SKYE long put positions are structurally bearish; the modeled P&L assumes European-style exercise at expiration and ignores early assignment, transaction costs, dividends paid before expiry on the stock leg (when present), and the bid-ask spread on the listed chain. SKYE positions also carry Healthcare sector concentration risk; news flow inside the sector (peer earnings, regulatory shifts, supply-chain headlines) can move SKYE alongside the broader basket even when SKYE-specific fundamentals are unchanged. Long-premium structures like a long put on SKYE are particularly exposed to IV-crush risk through scheduled events (earnings, FDA decisions, central-bank meetings) where IV typically contracts post-event regardless of the directional outcome. Always rebuild the position from current SKYE chain quotes before placing a trade.

Frequently asked questions

What is a long put on SKYE?
A long put on SKYE is the long put strategy applied to SKYE (stock). The strategy is structurally bearish: A long put buys downside exposure with a fixed maximum loss equal to the premium paid; profit accrues if the underlying closes below the strike minus premium at expiration. With SKYE stock trading near $0.82, the strikes shown on this page are snapped to the nearest listed SKYE chain strike and the premiums come straight from the end-of-day bid/ask midpoint.
How are SKYE long put max profit and max loss calculated?

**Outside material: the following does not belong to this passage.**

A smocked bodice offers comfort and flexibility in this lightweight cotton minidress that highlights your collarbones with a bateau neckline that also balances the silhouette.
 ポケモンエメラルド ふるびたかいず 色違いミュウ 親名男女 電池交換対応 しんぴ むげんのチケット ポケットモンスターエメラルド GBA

Max profit equals the strike minus premium times 100 (reached at zero); max loss equals the premium times 100. Breakeven is strike minus premium. For the SKYE long put priced from the end-of-day chain at a 30-day expiry (ATM IV 20.60%), the computed maximum profit is unbounded per contract and the computed maximum loss is unbounded per contract. Live intraday quotes will differ as the chain moves through the trading session.
What is the breakeven for a SKYE long put?

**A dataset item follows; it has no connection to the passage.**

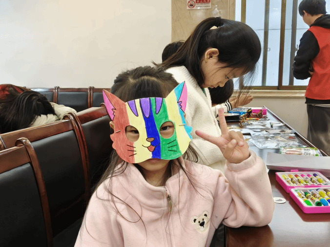 活动伊始,志愿者们投入到课业辅导中,耐心细致地为孩子们讲解作业难题,帮助他们梳理知识点,培养良好的学习习惯。在志愿者们循循善诱的指导下,孩子们逐步攻克学习难点,顺利完成了课业。随后的创意美术环节中,志愿者们引导孩子们在面具上挥洒创意,用五彩斑斓的颜料绘制出独一无二的作品。在图画填色、立体拼图等活动现场,孩子们欢声笑语不断。此次课程不仅锻炼了孩子们的动手能力,也激发了他们的想象力,让孩子们在寓教于乐的体验中收获成长。

The breakeven for the SKYE long put priced on this page is no defined breakeven on the modeled curve at expiration, derived from end-of-day chain premiums. Breakeven is the underlying price at which the strategy's P&L crosses zero ignoring transaction costs and assignment risk. The current SKYE market-implied 1-standard-deviation expected move is approximately 5.91%; if the move sits well outside the breakeven distance, the structure's risk-reward becomes correspondingly tighter.
When should you consider a long put on SKYE?
Long puts on SKYE hedge an existing long SKYE stock position or express a bearish view with defined risk; position sizing typically scales the put notional to the underlying SKYE exposure being hedged.
How does current SKYE implied volatility affect this long put?
SKYE ATM IV is at 20.60% with IV rank near 0.70%, which is on the low end of its 1-year range. Premium-buying structures (long call, long put, debit spreads) are relatively cheap in this regime; premium-selling structures collect less credit per unit risk.